Beyond the grace that saves us we are each free to choose. Choose your personal preference, the doctrine of Arminianism , or Calvinism, be Charismatic, be Baptist, be Lutheran or Catholic or any number of other denominational choices. Why is it that in the midst of exercising our personal preference we also must judge and bring our power against anyone who doesn't share in that preference? Do we actually believe we are safe guarding the gospel or growing the Kingdom of God? I don't see judgement and exclusion as safeguarding or growing God's Kingdom.

You love Jesus, you believe He died to provide salvation for us. Awesome. We share that in common, how good is that!

As I age I continue to discover that I know less and less and my curiosity continues to grow more and more, I believe this is the nature of wisdom. 

Many things I stood "against" in my twenties and thirties are now part of my daily life. Things I was so sure were the "right" or the "best" have proven to be flawed, everything from people to organizations, to books and programs. 

My arms are more open, my table longer, my heart more expansive. There is much I do not know. But one thing I do know is that Jesus collected the people the religious leaders labeled as sinners, disobedient to the "law" and practicing poor doctrine. He often told them to go and sin no more, knowing full well they would go and sin some more.
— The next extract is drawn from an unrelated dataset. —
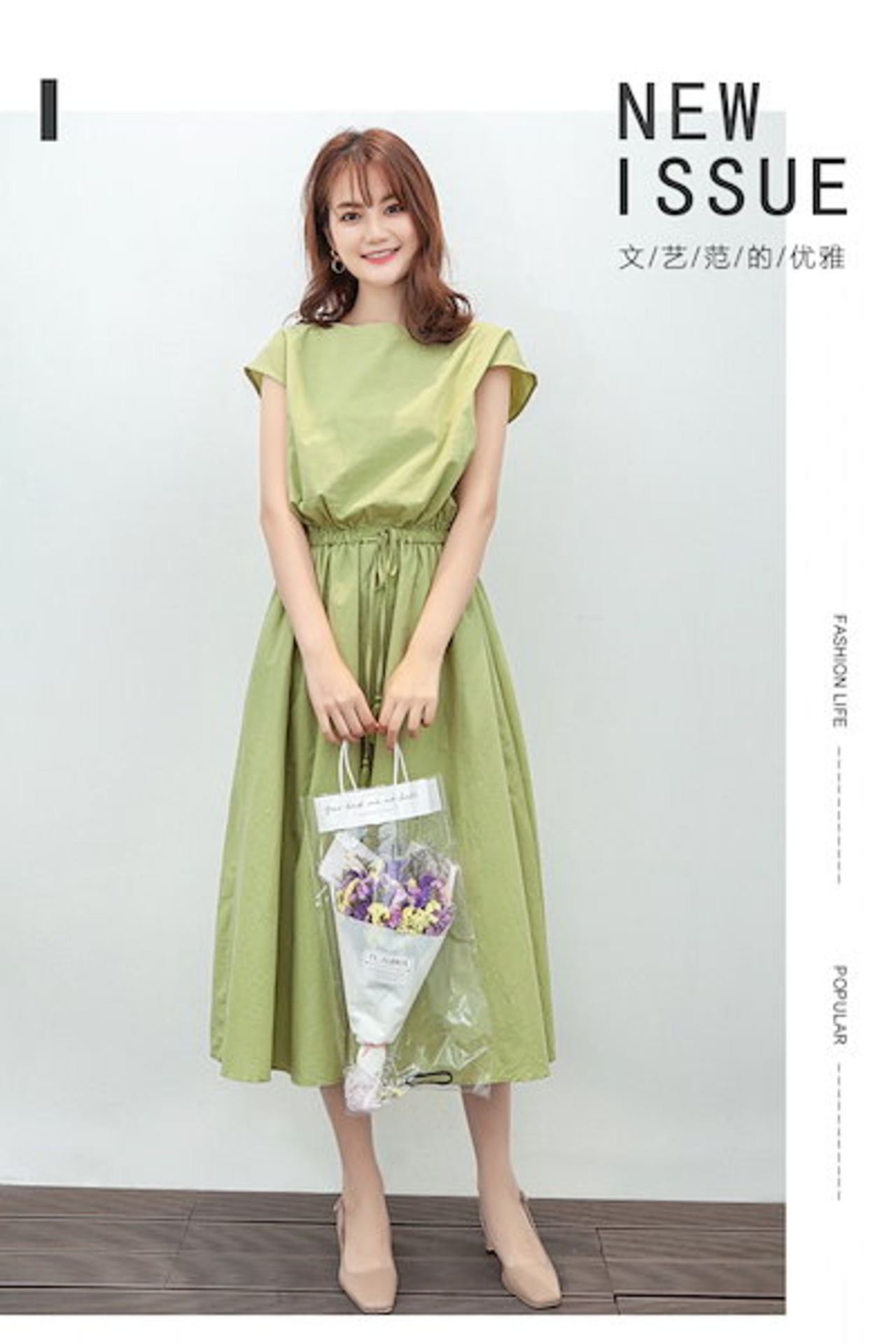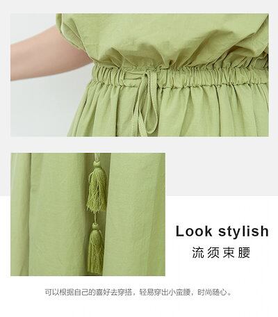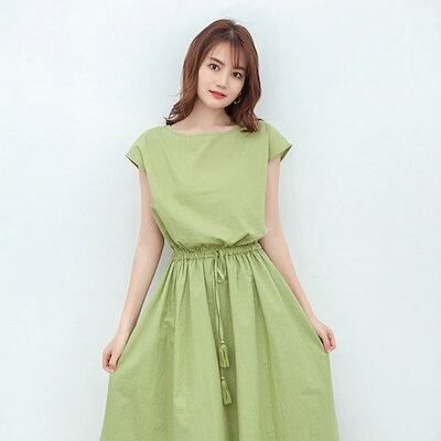 文学/ビッグスウィングワンピース/2024/夏/新作/ウエストマーク可能/ゆったり/大きいサイズ/綿麻/ワンピース カップ 付きインナー

How good of Him to spill His blood for them, for me, for you.

So when you come to my spaces, Red Tent Living, Brave On, retreats or seminars or just to my home for dinner you will find a wide array of people who love Jesus. They may be Catholic, or Episcopalian, they may be LGBTQ, they may be breaking all of your personal rules and still claim Jesus as their own and have stories to tell about how they are learning to follow Him. Or they may desperately long to know Jesus more deeply and just like so many who found their way Him in the Bible they are broken and hungry and it is a privilege to sit with them and offer them nourishment and kindness.

And if you can't come, can't support or can't participate because Jen Hatmaker or Sarah Bessey or whoever else doesn't line up with your personal preferences is invited I grieve that for you.

Truly.

Because I know today that I missed out on lavish love God wanted to pour out in my soul through all that had to be excluded during the years I practiced my personal doctrine of "againstism".

So I pray blessing on you along with my hope that Jesus comes to disrupt you in surprising ways that expand your preferences and enlarge your hearts space of welcome for “the other”.

And I hope that someday you will chose to join us, bring your voice and your story to the table, because we will be richer for having had you there.